Он подумал: «Выгнать как собаку» – и потянулся к бутылке, дернув перекошенным лицом.
– Значит, говоришь, мое дело?.. – водка, облившая внутренности, подействовала. Похмелье отступало. Теперь Успенскому казалось, что он снова думает ясно и собранно.
Профессор думал о ней.
В первый раз за долгие месяцы он понял, что возлагает на нее надежды, но – особого свойства. Пьяным умом он вдруг сообразил, почему, приглядываясь к перспективным студентам, никак не мог выбрать. Но, едва взглянув на нее, выбрал мгновенно. Цель – восстановление подлинной кафедры, такой, какая могла быть при отце, – не достигалась подбором отличников. Блестяще успевавшие студенты – программа минимум, которая ничего не значила без другого. Те, кого он собрался вырастить, должны были обладать каким-то внутренним свойством, не позволяющим превратиться в собак. Собачье время, в котором продолжали жить отцовские палачи, захлебнется само собой, наткнувшись на эту преграду.
Так ясно он не формулировал никогда.
Потому что все время, пока расписывал перед ней экономические зависимости и формулы, ни разу не почуял опасности, которая могла подкрасться к нему с ее стороны. Теперь, когда явилась скверная догадка, он испугался: мысль о том, что именно она, которую он сам выбрал, может стать собакой декана, накатывала как подступающее похмелье. Именно в ней он никак не хотел обмануться. Иначе... Водка, влитая в горло, прогорала как в раскаленной печи. Если он все-таки ошибся и это подстроено заранее, все решится довольно быстро: собаки не станут тянуть. Они вцепятся сразу, как бросались и вцеплялись всегда, стоило сделать шаг в сторону. «И винить, – он подумал, – некого. Кроме себя».
– Значит, дело наше... – он повторил вслух, теперь уже утвердительно, как будто заранее готовясь к проигрышу: остатка жизни, прошедшей с последнего лагерного дня. Еще можно было выгнать ее, отодвигая поражение, но тогда за каждой формулой, которую он ей расскажет, с этого дня и до самого конца будет стоять главный вопрос.
Он почувствовал тягостное бессилие, и, нагнув бутылку, попытался обуздать себя словами скверны. Ровным голосом, не отводя глаз, он говорил ей в лицо то, что она заслужила, если действительно явилась к нему как собака.
Девочка не отвечала, слушая внимательно, как слушала всегда, когда он объяснял. Темно-золотистое пламя занималось вокруг ее зрачков, расширявшихся с каждым его скверным словом. И, загораясь от этого пламени, он поднялся и повел ее к двери, за которой на короткое время исчезли всяческие страхи.
Глава 9
1
С этих пор, предваряя свое появление коротким телефонным звонком, Маша стала приходить к профессору, но эти случаи были редки: жертва, принесенная волчьему племени, не стала для нее радостью. Как и прежде, она продолжала заниматься по индивидуальному плану, осваивая премудрости финансовой науки, вечерами читала дополнительную литературу, работала над докладами и рефератами. Сидя напротив Успенского в кафедральном закутке, Маша словно бы забывала о постороннем. Первое время, удивляясь ее холодной сдержанности, Успенский бросал внимательные взгляды, но сам не заговаривал ни о чем.

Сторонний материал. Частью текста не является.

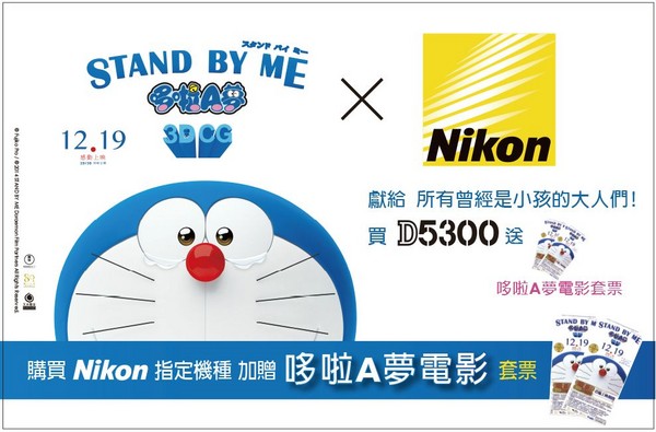 相機大廠 Nikon 台灣總代理國祥貿易宣布,繼 Nikon 於日本與《STAND BY ME 哆啦 A 夢》電影合作之後, Nikon 台灣也將率先推出買相機送限量電影套票活動。凡於 11 月 1 日起至 11 月 28 日購買 Nikon D5300 / D3300 / Nikon 1 J4 / P600 即可優先獲贈《STAND BY ME 哆啦 A 夢》電影限量電影套票 2 張。

Кровь, отворенная профессором, начинала бродить по ночам. Скверные слова лопались под языком, когда Маша, лежа без сна, вдыхала острый запах, превращающий человека в мужчину. Успенский в ее видениях не являлся: запах, терзавший Машу, существовал как будто отдельно от него.

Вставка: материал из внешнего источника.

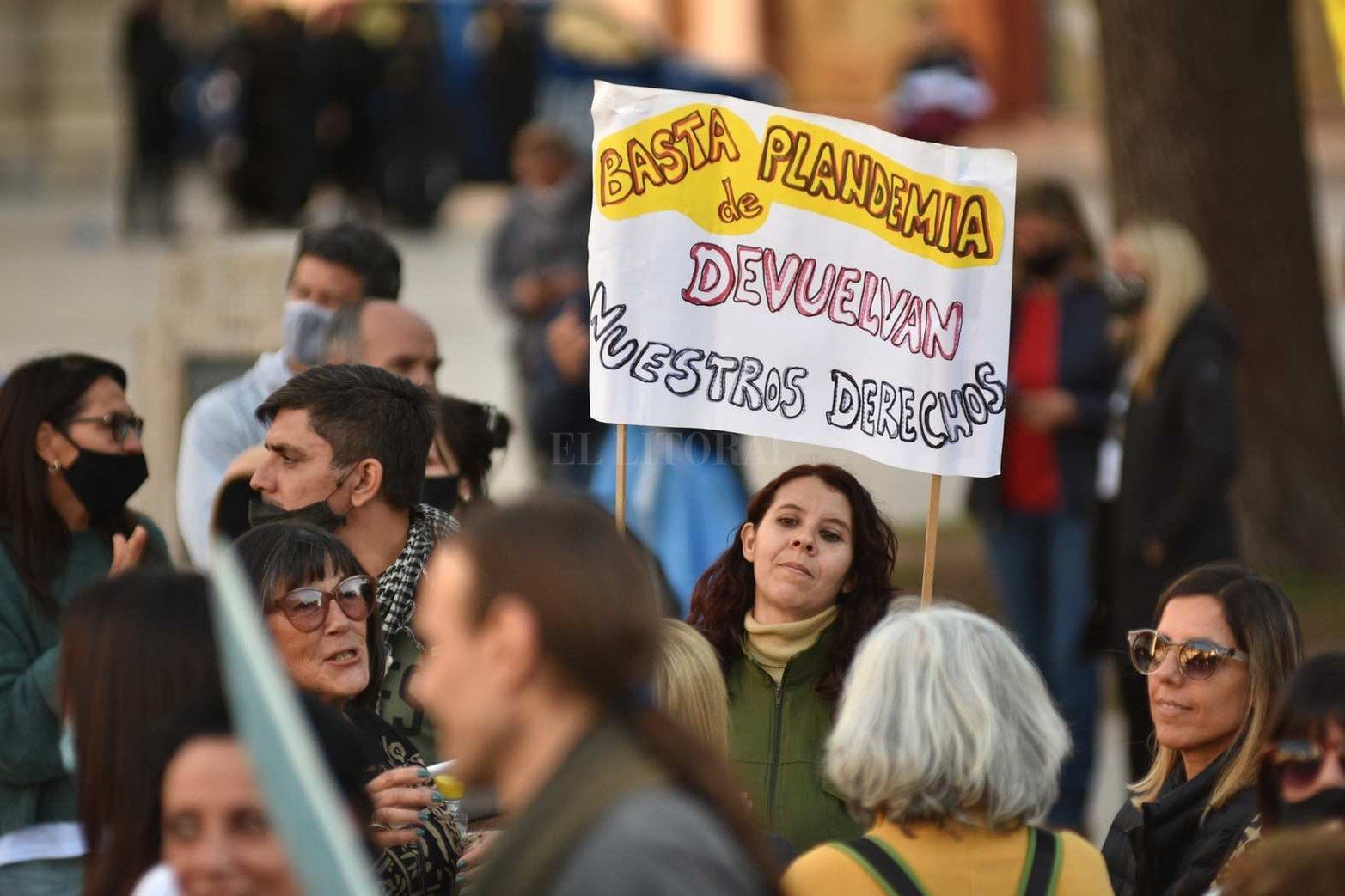 11 / 12 Comerciantes, gastronómicos y propietarios de gimnasios de la ciudad de Santa Fe se dieron cita frente a la Casa de Gobierno para protestar contra el nuevo cierre de actividades por el incremento de casos de coronavirus en la región. Foto: Pablo Aguirre

Попытку заговорить профессор предпринял в июне.
Начало лета было странным. В зените белых ночей температура упала почти до нуля, и, подходя к институту, Маша любовалась снежинками, падавшими на черный плащ. Снежинки были ровными и филигранными: в чертогах Снежной Королевы каждую из них сделали вручную. Боясь нарушить холодную красоту, Маша стряхивала осторожно, не дотрагиваясь теплыми, губительными пальцами.
В тот день предстоял последний экзамен, и, поднимаясь по лестнице, Маша вдруг вспомнила время, когда мысли об экзаменах терзали ее, как болезнь, загнанная в глубину. Она чувствовала себя совершенно здоровой. Легкое волнение разгоняло кровь. Стайка однокурсниц дожидалась у двери. Девчонки ужасно волновались. Маша поздоровалась и спросила: кто первый?